Antea’s eyes slid to his half-open shirt, to the glimpse of a lean, toned chest beneath it.
She bit her lip.
And then her eyes dropped automatically to the one area she absolutely did not want to look at.
She tore her gaze away quickly.
He said something else, still radiating that overcharged energy, then tapped her in the stomach with the dull end of the dart.
It didn’t hurt, but she jolted.
Mark didn’t react.
Was he intimidated?
Antea looked at him and got the impression his brain had gone into buffering.
She still hadn’t gotten a good look at his face.
His cheekbones were high and sharp.
His jawline, angular and clean, drew a blade-like profile.
Overall, his face was handsome and razor-edged — but with the wrong kind of beauty.
A sexy face, yes, but in a way that felt more like a threat than an invitation.
His hair, slightly curly and a bit tousled, fell over his forehead, framing him as if trying to tame him — without quite succeeding.
On his left ear he wore a large earring; on his hand, a thin ring made of a material that looked like fire opal.
I wonder how much this guy fucks, Antea thought, swallowing.
But set into the pale, grayish skin of his face were those unsettling yellow eyes.
The feral clarity around those strange, almost hypnotic — hybrid — irises, which framed two pitch-black pupils dilated far beyond human norms, caught her instantly.
They were beautiful, yes, but that wasn’t the only reason she couldn’t look away.
There was another reason — a different one from what anyone might imagine, judging by that playful, self-satisfied grin of his.
Her heart started pounding.
Too hard.
A flash: the constellation of eyes, at one point yellow like the lanky guy’s.
A fragment of the face of the mutant grizzly-man who had tried to rape her on their first day.

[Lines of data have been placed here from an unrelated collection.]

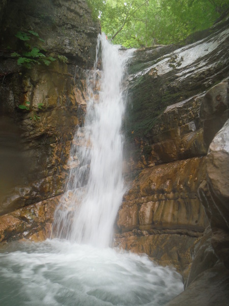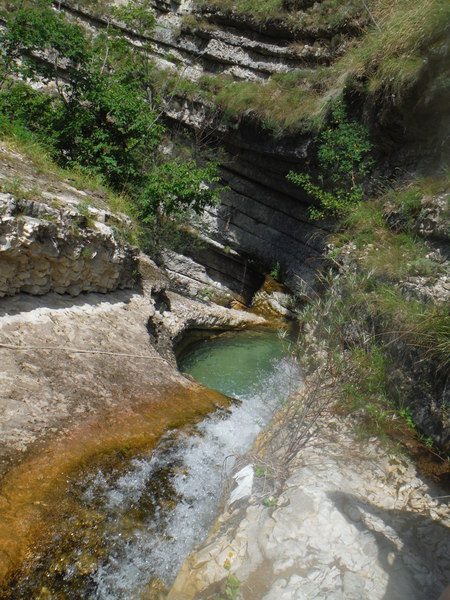 Qui si deve parcheggiare una macchina con i vestiti asciutti che saranno sicuramente molto comodi piu’ tardi. Una volta predisposto il tutto si abbandona la macchina con il cambio. Con le restanti (nel nostro caso una) si parte alla volta della partenza della nostra forra. Si ripercorre in senso inverso la stradina fino al curvone con spiazzo. Li si prende a sinistra. Si segue la via principale in direzione Calcara (si passa accanto allo stadio del ghiaccio). Al bivio per Calcara si prende a sinistra. Si incontra ancora un bivio e si prende a destra in direzione dell’Ostello della Gioventu’ Colorito (cosi’ si chiama). Al bivio successivo si prende a destra (a sinistra prosegue la strada per l’ostello) e dopo almeno 3 metri si parcheggia, la strada e’ chiusa da una robusta sbarra. Ci si prepara al meglio per una bella passeggiata e seguente bagno prolungato, si chiude la macchina e si parte. Si segue il comodo sentiero per circa 2,5 km. Dopo poco camminare si incontra ancora un bivio, si prosegue a sinistra. Il sentiero principale e’ evidente e deve essere seguito fino alla fine, quando si incontra ancora un cancello. Poco piu’ avanti sul sentiero si vede una costruzione in cemento. Si passa il cancello e subito a sinistra si prende un comodo sentierino in discesa. Pochi metri di fresche fratte e sei all’inizio della forra. Si presenta subito bene con una bellissima pozza ed una cascata altrettanto bella.
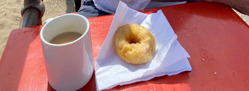 By now it is time for a snack so we stop at a cafe on the promenade and eat freshly cooked doughnuts and tea. I very rarely allow myself to eat a doughnut but I did make and sell them from a stall at Strawberry Fair in Cambridge many years ago. They are delicious…….
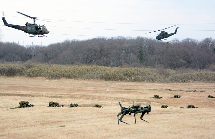 Theo đó, hình ảnh cuộc diễn tập đổ bộ đầu năm mới cho thấy Lữ đoàn dù số 1 kết hợp sử dụng hai “chó robot” Q-UGV (nhiều khả năng là dòng Vision 60) của hãng Ghost Robotics (Mỹ), đánh dấu lần đầu tiên binh lính đổ bộ của Nhật Bản tích hợp trực tiếp phương tiện này vào hoạt động diễn tập giả định.
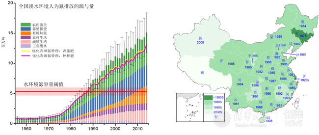 开云线上(中国)网页版网3月1日电 2月28日,开云线上(中国)网页版地球系统科学系、清华海峡研究院喻朝庆博士等在国际顶尖学术期刊《自然》(Nature)发表题为《恢复中国水环境质量需全面加强氮管理》(Managing nitrogen to restore water quality in China)的文章,揭示了中国从1955年到2014年人类活动导致的氮流失量,建立了各省淡水环境氮容量的“安全”阈值。文章为近年来全球环境容量限界(Planetary boundary)研究的区域阈值定义提供了新方法,为全方位解决中国水体富营养化问题提供了量化依据。
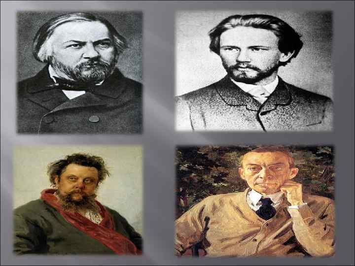 Музыка Русское музыкальное наследие включает в себя как русскую народную музыку, так и творчество русских композиторов XVI—XX веков, русский музыкальный фольклор, русский романс, популярную музыку советского и постсоветского периода, русский рок, творчество бардов, русский хип-хоп. Русская народная музыка исполнялась на русских музыкальных инструментах. Русская классическая музыка содержит творческое наследие таких великих композиторов, как: Михаил Иванович Глинка, Модест Петрович Мусоргский, Александр Порфирьевич Бородин, Николай Андреевич Римский-Корсаков, Пётр Ильич Чайковский, Сергей Васильевич Рахманинов, Александр Николаевич Скрябин, Игорь Фёдорович Стравинский. Среди советских композиторов одними из самых значимых являются: Сергей Сергеевич Прокофьев, Дмитрий Дмитриевич Шостакович, Альфред Гарриевич Шнитке, Николай Яковлевич Мясковский, Георгий Васильевич Свиридов.

A sudden fracture in the onion of rationalizations she had painstakingly fabricated after that episode triggered the eruption of a pure existential terror: the kind of fear you feel when it seems that the entire world — including your own body — is repudiating you in a draconian way.
She relived it all in a second — maybe less.
The sensation of that heat-drunk, slobbering beast’s drool sliding down her chest.
The helplessness.
Every certainty collapsing while inhabiting a body that wasn’t the one she’d grown up in.
Vertigo.
Her knees gave out and she dropped.
The swirl of voices — among which Mark’s “Breathe slow! Breathe slow!” kept breaking through — merged with the tidal sway of her vision.
She was choking.
The terror of having lost control over every single part of herself clamped down on her amygdala.
Was she about to faint?
Her chest hurt.
Nothing made sense anymore.
Strong arms lifted her off the ground.
Even through the diplopia she could recognize Mark from an angle that should have told her she’d been picked up — if her brain were still the receptacle of intuition it normally was, among other things.